The archbishop's response to this challenge was to say that Christians are called to conform themselves to Christ. "We must become like the Son so that the Father sees and loves in us what he sees and loves in Christ," he said. But in doing this, people don't lose themselves; they become more fully themselves. The archbishop quoted Christ's words, "If a man wants to be my disciple, let him deny himself and take up his cross and follow me. For whoever wants to save his life will lose it, and whoever loses his life for my sake will find it..." (Mt. 16:24-25).

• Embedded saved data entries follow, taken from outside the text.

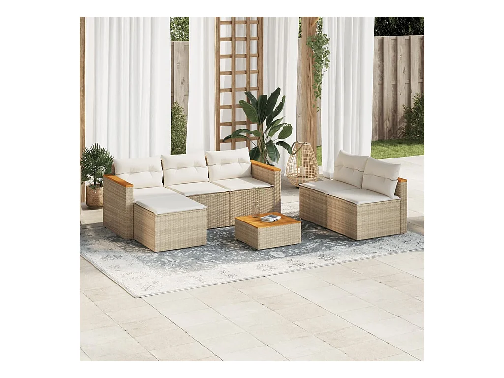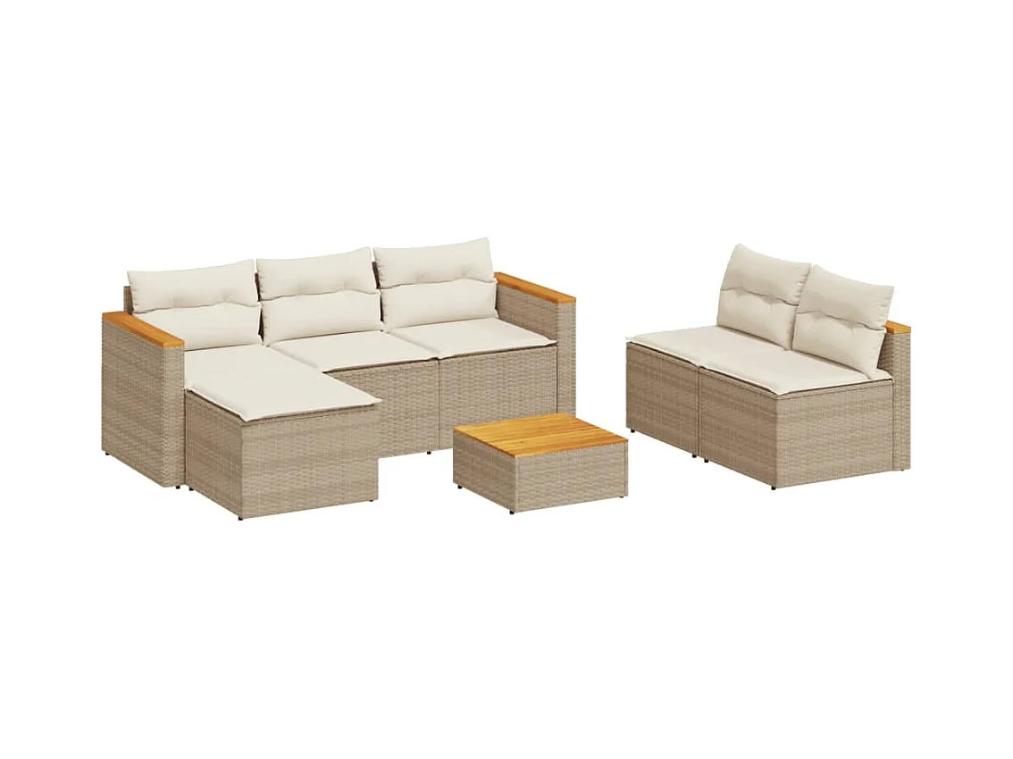 8-tlg. Garten-Sofagarnitur mit Kissen Beige Poly Rattan
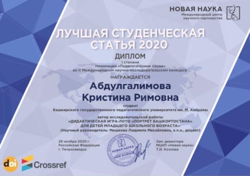 Абдулгалимова Кристина, студентка 2 курса Института педагогики (направление «Начальное образование»), стала победителем II Международного научно-исследовательского конкурса «Лучшая студенческая статья 2020».
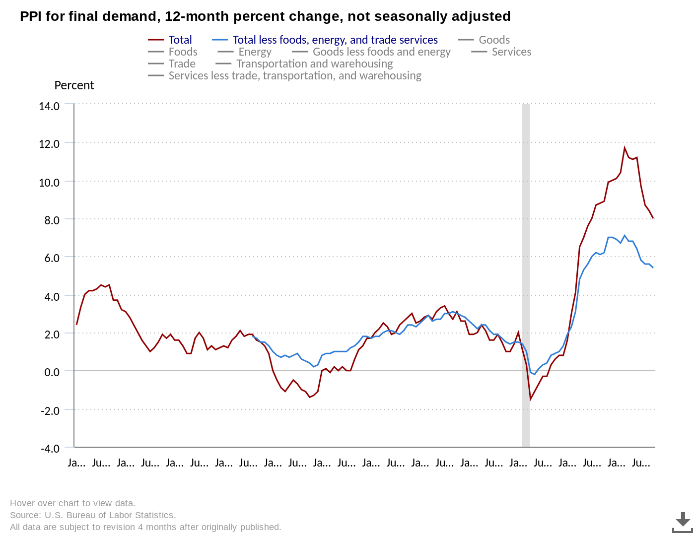 Core PPI was unchanged month-on-month, with the PPI overall up 0.2% versus the 0.4% forecast. Year-on-year PPI was 8% versus the 8.3% forecast.
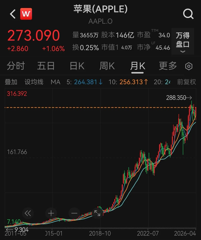 库克任职期间,苹果市值增长约24倍,周一收盘市值达4万亿美元。在近15年任期内,库克带领苹果进军可穿戴设备领域,推出Apple Watch、AirPods 以及虚拟现实头显 Vision Pro等产品。
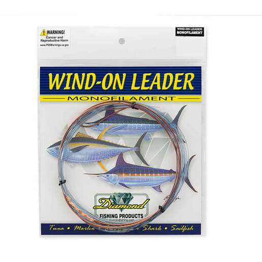 Diamond Fishing Products Wind-On Monofilament Leader - Diamond’s high strength monofilament and fluorocarbon combined with a low stretch dyneema loop creates the strongest, most dependable wind-on leader in the world. Diamond’s Wind-On leaders are attached with a loop to loop connection to your fishing line. The wind-on system improves bait presentation, eliminates the need for conventional long leaders and provides safer handling and releasing of fish at the boat.
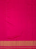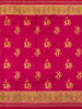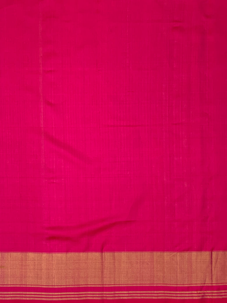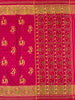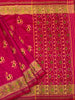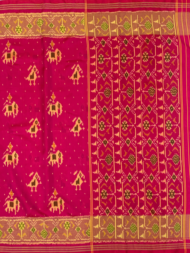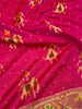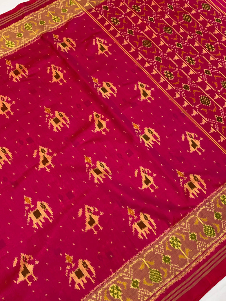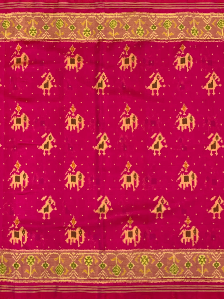 Rajkot patola saree featuring intricate elephant and bird motif buttis woven throughout. It showcases a self-tissue floral border and pallu in a base pink hue with red accents. The blouse is plain with a matching border, complementing the elegant design.
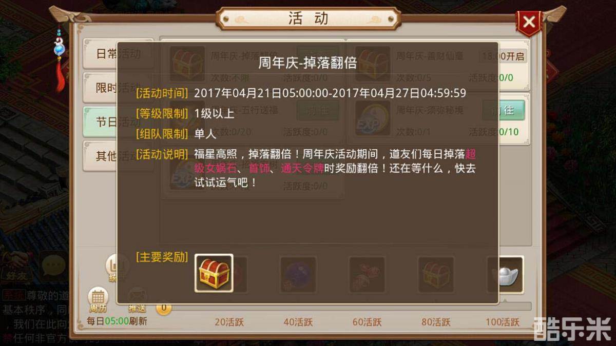 福星高照,掉落翻倍!在周年庆典期间,道友们每日在部分活动中将获得翻倍奖励,奖励包含超级女娲石、通天令牌和首饰。特别说明:当道友包裹已满时奖励会通过邮件发送,但只保留3天,道友务必记得每天检查自己的包裹空间和邮箱,以免错失奖励。
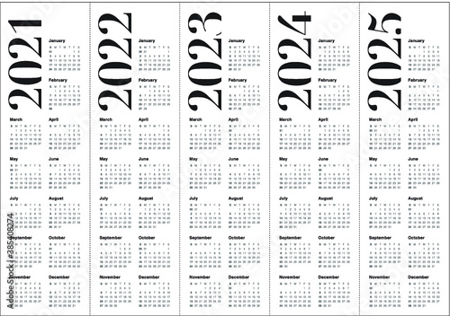 Year 2021 2022 2023 2024 2025 calendar vector design template, simple and clean design

The third challenge concerned the moral life—specifically, "the idea that the moral law is a more or less arbitrary constraint in which certain things are permitted and certain things are forbidden," regardless of how they affect human beings. This idea, he said, is rooted in "a culture of legalism" that was "decisively rejected by the Magisterium" in Pope John Paul II's encyclical "Veritatis Splendor" ("The Splendor of Truth"). Genuine Catholic moral teaching, he continued, holds that certain acts are "forbidden and wrong" because they are bad for whoever does them, while other actions are "permitted and right" because they are good for the person doing them.

He said that "the commandments are more like an athlete's daily exercise and diet regime than they are like the traffic laws."

"Traffic regulations require that we stop on red and go on green, but it could just as well be the other way around," he said. But an athlete's regimen, prescribed by his or her coach, enables the athlete to achieve goals that otherwise would be impossible.

Similarly, the requirements of the moral law exist for a high purpose: "to guide us steadily toward the good in every action, and thus toward our ultimate good," which is God, the archbishop said.

The archbishop was introduced by Father Dominic Izzo, O.P., provincial of the Province of St. Joseph, which is based at St. Vincent Ferrer parish in Manhattan.

Father Izzo told CNY that the archbishop "epitomizes the Dominican tradition," which holds that "the pursuit of truth forms one's whole life and holiness."

Attending the lecture was Father Carlos Quijano, O.P., a chaplain at New York Presbyterian Hospital. He told CNY that he was struck by Archbishop DiNoia's discussion of "the encounter with pluralism."

"At the hospital we have chaplains of all faiths, and in a certain sense we are to serve (patients) of all the faiths that are there, not just our own traditions," he said. He noted the importance of "entering into honest dialogue with different religions" on moral topics and "even the whole question of suffering and death."